Description of the task → An exact restatement of the data is required, with the images omitted.

Dataset excerpts →

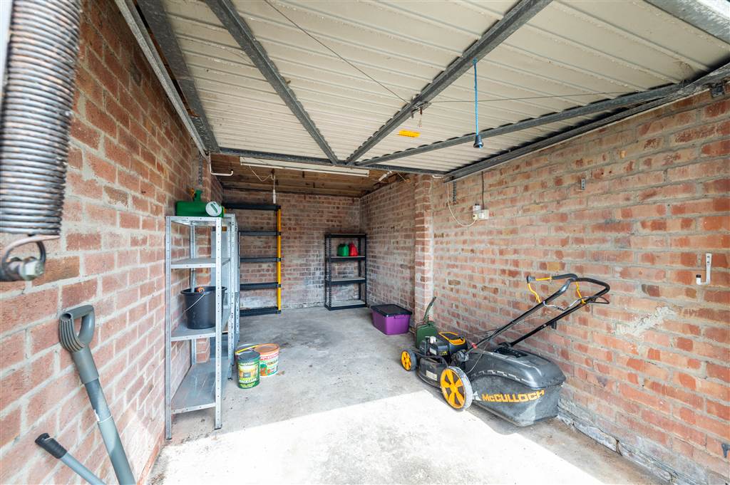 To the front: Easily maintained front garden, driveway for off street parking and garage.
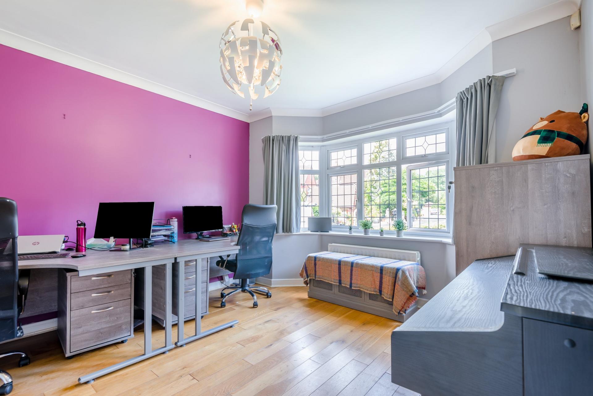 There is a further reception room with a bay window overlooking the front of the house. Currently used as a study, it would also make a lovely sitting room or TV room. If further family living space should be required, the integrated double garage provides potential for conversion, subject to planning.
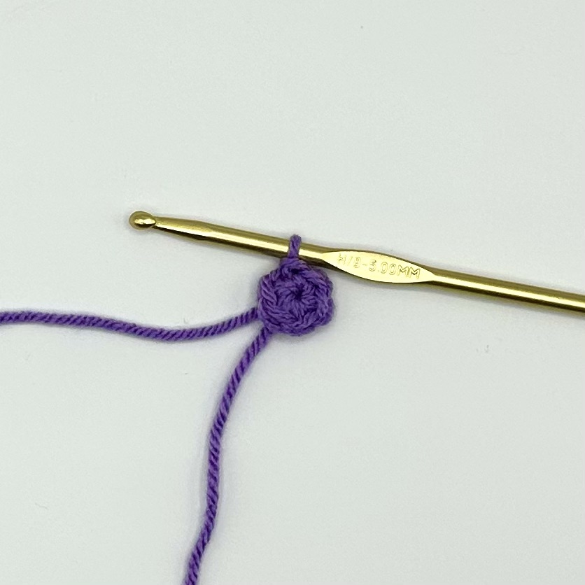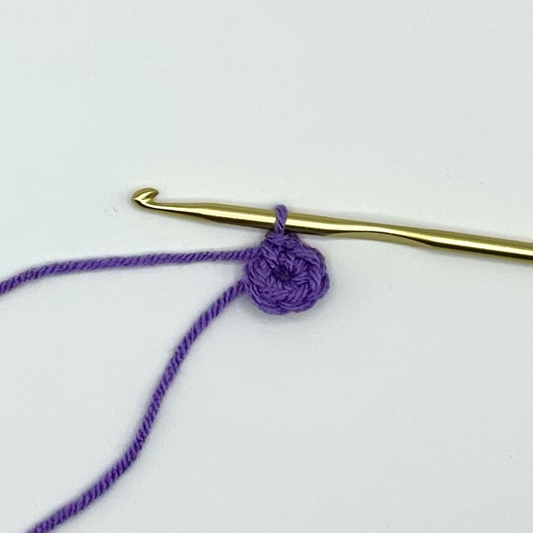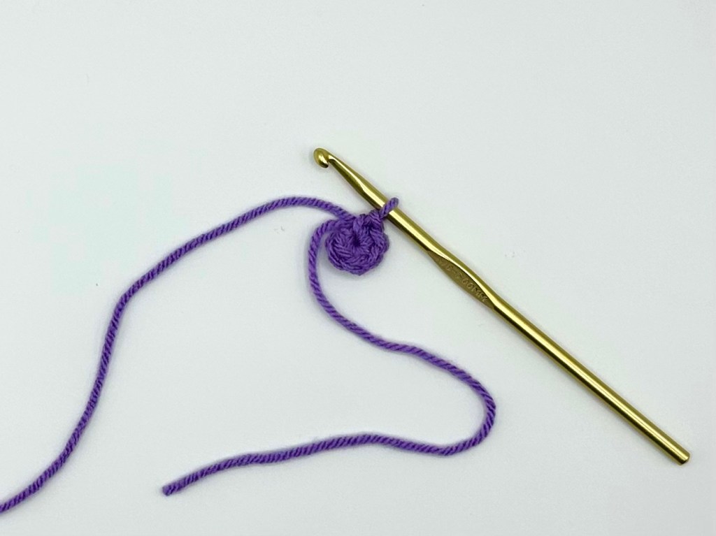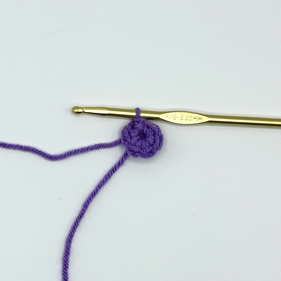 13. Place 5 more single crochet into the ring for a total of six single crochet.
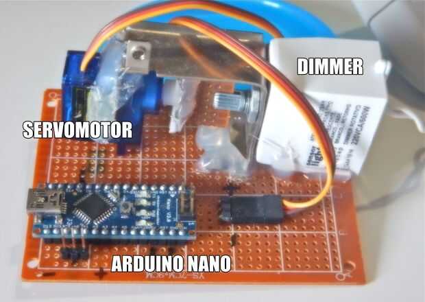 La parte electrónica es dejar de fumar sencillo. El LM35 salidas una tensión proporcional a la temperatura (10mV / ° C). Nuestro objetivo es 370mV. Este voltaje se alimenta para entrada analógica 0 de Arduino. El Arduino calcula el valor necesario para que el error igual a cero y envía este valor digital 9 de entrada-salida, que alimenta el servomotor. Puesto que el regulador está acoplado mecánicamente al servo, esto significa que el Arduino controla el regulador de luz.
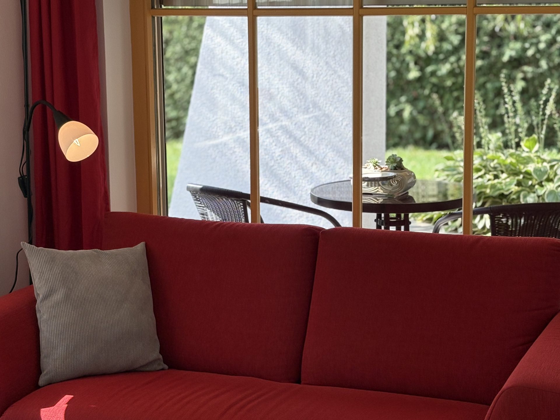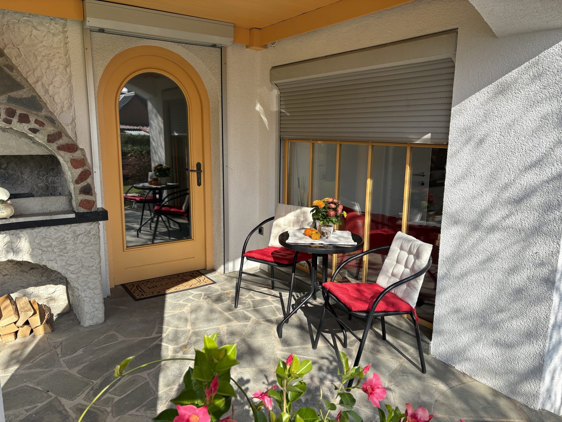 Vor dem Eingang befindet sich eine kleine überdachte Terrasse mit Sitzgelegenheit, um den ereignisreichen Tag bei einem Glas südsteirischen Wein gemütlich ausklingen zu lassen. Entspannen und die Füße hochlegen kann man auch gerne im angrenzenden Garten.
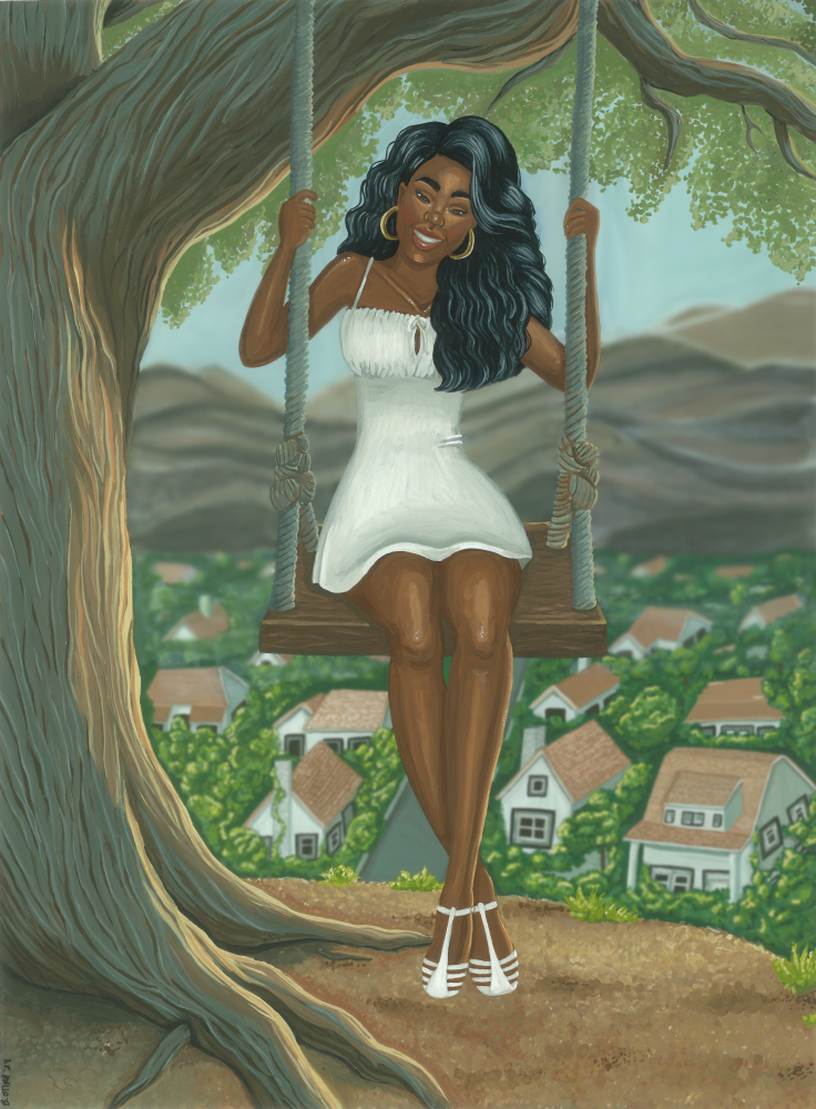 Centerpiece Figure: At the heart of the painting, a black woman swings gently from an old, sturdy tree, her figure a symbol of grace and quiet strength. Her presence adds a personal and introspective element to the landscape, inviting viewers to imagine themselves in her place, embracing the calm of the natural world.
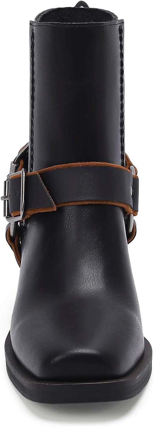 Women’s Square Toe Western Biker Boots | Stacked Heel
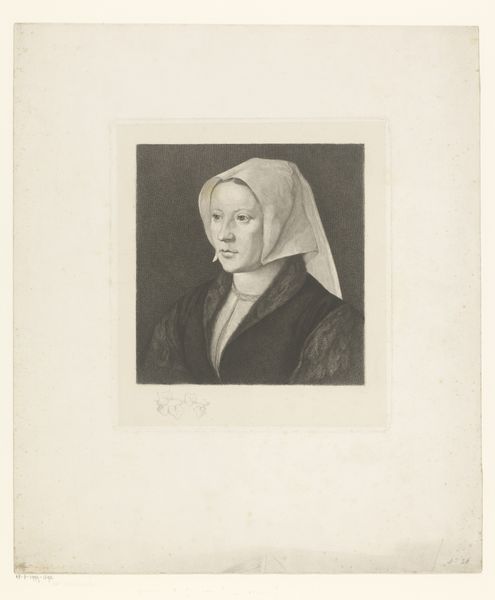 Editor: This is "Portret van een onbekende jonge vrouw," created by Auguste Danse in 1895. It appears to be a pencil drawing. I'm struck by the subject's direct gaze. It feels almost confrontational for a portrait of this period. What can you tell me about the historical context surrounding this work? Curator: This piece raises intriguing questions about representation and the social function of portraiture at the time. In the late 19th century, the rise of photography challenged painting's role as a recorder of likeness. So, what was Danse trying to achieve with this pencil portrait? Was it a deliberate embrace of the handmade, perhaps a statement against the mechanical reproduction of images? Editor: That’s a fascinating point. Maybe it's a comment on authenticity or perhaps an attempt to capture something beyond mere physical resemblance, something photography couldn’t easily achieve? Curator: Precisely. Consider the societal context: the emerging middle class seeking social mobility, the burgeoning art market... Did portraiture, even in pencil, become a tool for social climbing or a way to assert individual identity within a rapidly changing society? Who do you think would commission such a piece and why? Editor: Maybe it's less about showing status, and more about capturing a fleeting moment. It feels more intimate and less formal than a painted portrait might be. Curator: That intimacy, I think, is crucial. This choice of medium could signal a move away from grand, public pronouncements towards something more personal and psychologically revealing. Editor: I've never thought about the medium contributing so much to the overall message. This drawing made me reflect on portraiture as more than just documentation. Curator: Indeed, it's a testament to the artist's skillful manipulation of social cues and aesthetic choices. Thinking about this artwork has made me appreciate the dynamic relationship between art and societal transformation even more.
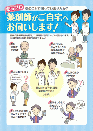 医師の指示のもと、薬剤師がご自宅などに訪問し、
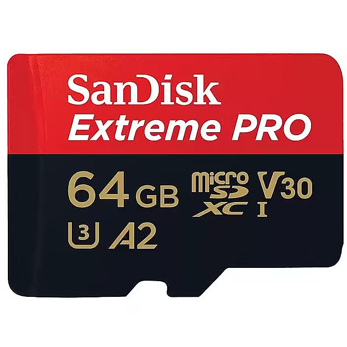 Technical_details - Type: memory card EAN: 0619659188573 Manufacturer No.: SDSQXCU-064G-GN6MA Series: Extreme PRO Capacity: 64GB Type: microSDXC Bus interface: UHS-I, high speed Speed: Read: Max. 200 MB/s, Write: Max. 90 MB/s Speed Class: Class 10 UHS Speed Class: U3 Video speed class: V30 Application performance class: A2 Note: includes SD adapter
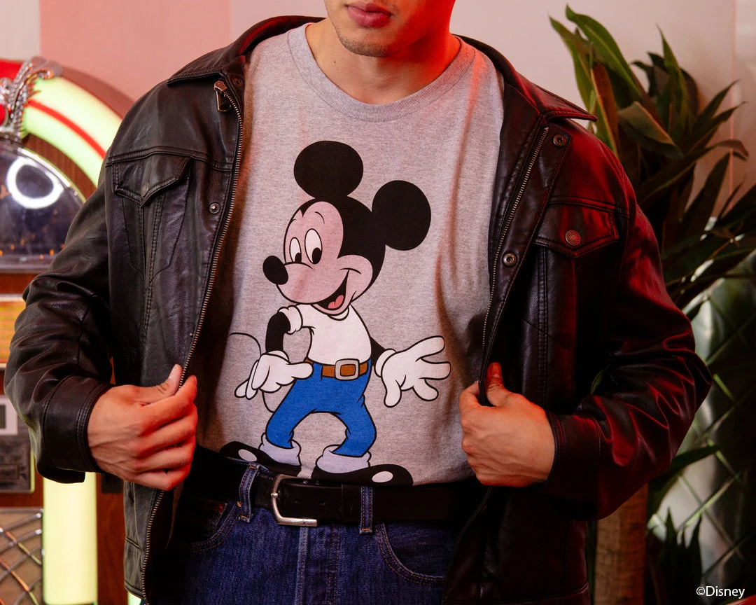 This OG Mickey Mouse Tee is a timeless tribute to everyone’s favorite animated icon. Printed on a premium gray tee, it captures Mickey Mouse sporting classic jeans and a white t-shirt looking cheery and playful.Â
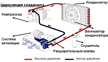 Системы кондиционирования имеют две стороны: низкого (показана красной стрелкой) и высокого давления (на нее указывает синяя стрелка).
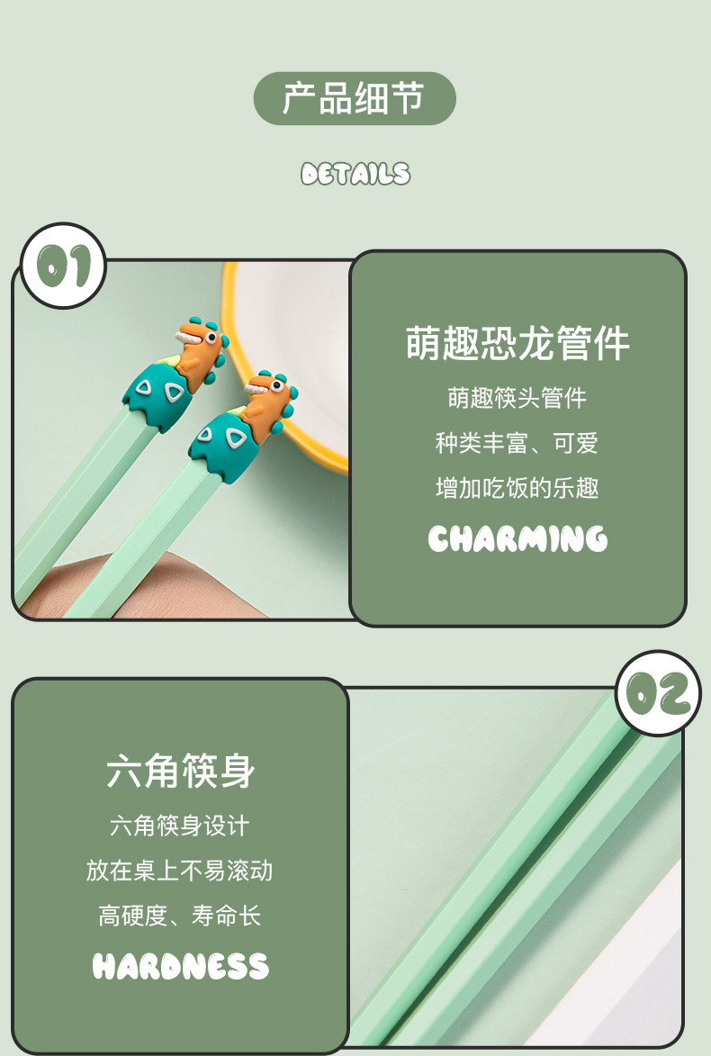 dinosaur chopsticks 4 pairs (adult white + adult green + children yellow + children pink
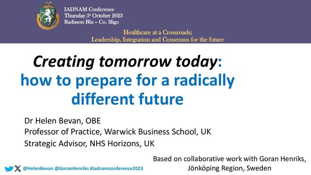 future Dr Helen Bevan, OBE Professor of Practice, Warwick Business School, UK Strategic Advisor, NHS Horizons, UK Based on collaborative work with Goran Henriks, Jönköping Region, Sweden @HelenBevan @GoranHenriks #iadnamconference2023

Solution for this problem →
 To the front: Easily maintained front garden, driveway for off street parking and garage.
 There is a further reception room with a bay window overlooking the front of the house. Currently used as a study, it would also make a lovely sitting room or TV room. If further family living space should be required, the integrated double garage provides potential for conversion, subject to planning.
 13. Place 5 more single crochet into the ring for a total of six single crochet.
 La parte electrónica es dejar de fumar sencillo. El LM35 salidas una tensión proporcional a la temperatura (10mV / ° C). Nuestro objetivo es 370mV. Este voltaje se alimenta para entrada analógica 0 de Arduino. El Arduino calcula el valor necesario para que el error igual a cero y envía este valor digital 9 de entrada-salida, que alimenta el servomotor. Puesto que el regulador está acoplado mecánicamente al servo, esto significa que el Arduino controla el regulador de luz.
 Vor dem Eingang befindet sich eine kleine überdachte Terrasse mit Sitzgelegenheit, um den ereignisreichen Tag bei einem Glas südsteirischen Wein gemütlich ausklingen zu lassen. Entspannen und die Füße hochlegen kann man auch gerne im angrenzenden Garten.
 Centerpiece Figure: At the heart of the painting, a black woman swings gently from an old, sturdy tree, her figure a symbol of grace and quiet strength. Her presence adds a personal and introspective element to the landscape, inviting viewers to imagine themselves in her place, embracing the calm of the natural world.
 Women’s Square Toe Western Biker Boots | Stacked Heel
 Editor: This is "Portret van een onbekende jonge vrouw," created by Auguste Danse in 1895. It appears to be a pencil drawing. I'm struck by the subject's direct gaze. It feels almost confrontational for a portrait of this period. What can you tell me about the historical context surrounding this work? Curator: This piece raises intriguing questions about representation and the social function of portraiture at the time. In the late 19th century, the rise of photography challenged painting's role as a recorder of likeness. So, what was Danse trying to achieve with this pencil portrait? Was it a deliberate embrace of the handmade, perhaps a statement against the mechanical reproduction of images? Editor: That’s a fascinating point. Maybe it's a comment on authenticity or perhaps an attempt to capture something beyond mere physical resemblance, something photography couldn’t easily achieve? Curator: Precisely. Consider the societal context: the emerging middle class seeking social mobility, the burgeoning art market... Did portraiture, even in pencil, become a tool for social climbing or a way to assert individual identity within a rapidly changing society? Who do you think would commission such a piece and why? Editor: Maybe it's less about showing status, and more about capturing a fleeting moment. It feels more intimate and less formal than a painted portrait might be. Curator: That intimacy, I think, is crucial. This choice of medium could signal a move away from grand, public pronouncements towards something more personal and psychologically revealing. Editor: I've never thought about the medium contributing so much to the overall message. This drawing made me reflect on portraiture as more than just documentation. Curator: Indeed, it's a testament to the artist's skillful manipulation of social cues and aesthetic choices. Thinking about this artwork has made me appreciate the dynamic relationship between art and societal transformation even more.
 医師の指示のもと、薬剤師がご自宅などに訪問し、
 Technical_details - Type: memory card EAN: 0619659188573 Manufacturer No.: SDSQXCU-064G-GN6MA Series: Extreme PRO Capacity: 64GB Type: microSDXC Bus interface: UHS-I, high speed Speed: Read: Max. 200 MB/s, Write: Max. 90 MB/s Speed Class: Class 10 UHS Speed Class: U3 Video speed class: V30 Application performance class: A2 Note: includes SD adapter
 This OG Mickey Mouse Tee is a timeless tribute to everyone’s favorite animated icon. Printed on a premium gray tee, it captures Mickey Mouse sporting classic jeans and a white t-shirt looking cheery and playful.Â
 Системы кондиционирования имеют две стороны: низкого (показана красной стрелкой) и высокого давления (на нее указывает синяя стрелка).
 dinosaur chopsticks 4 pairs (adult white + adult green + children yellow + children pink
 future Dr Helen Bevan, OBE Professor of Practice, Warwick Business School, UK Strategic Advisor, NHS Horizons, UK Based on collaborative work with Goran Henriks, Jönköping Region, Sweden @HelenBevan @GoranHenriks #iadnamconference2023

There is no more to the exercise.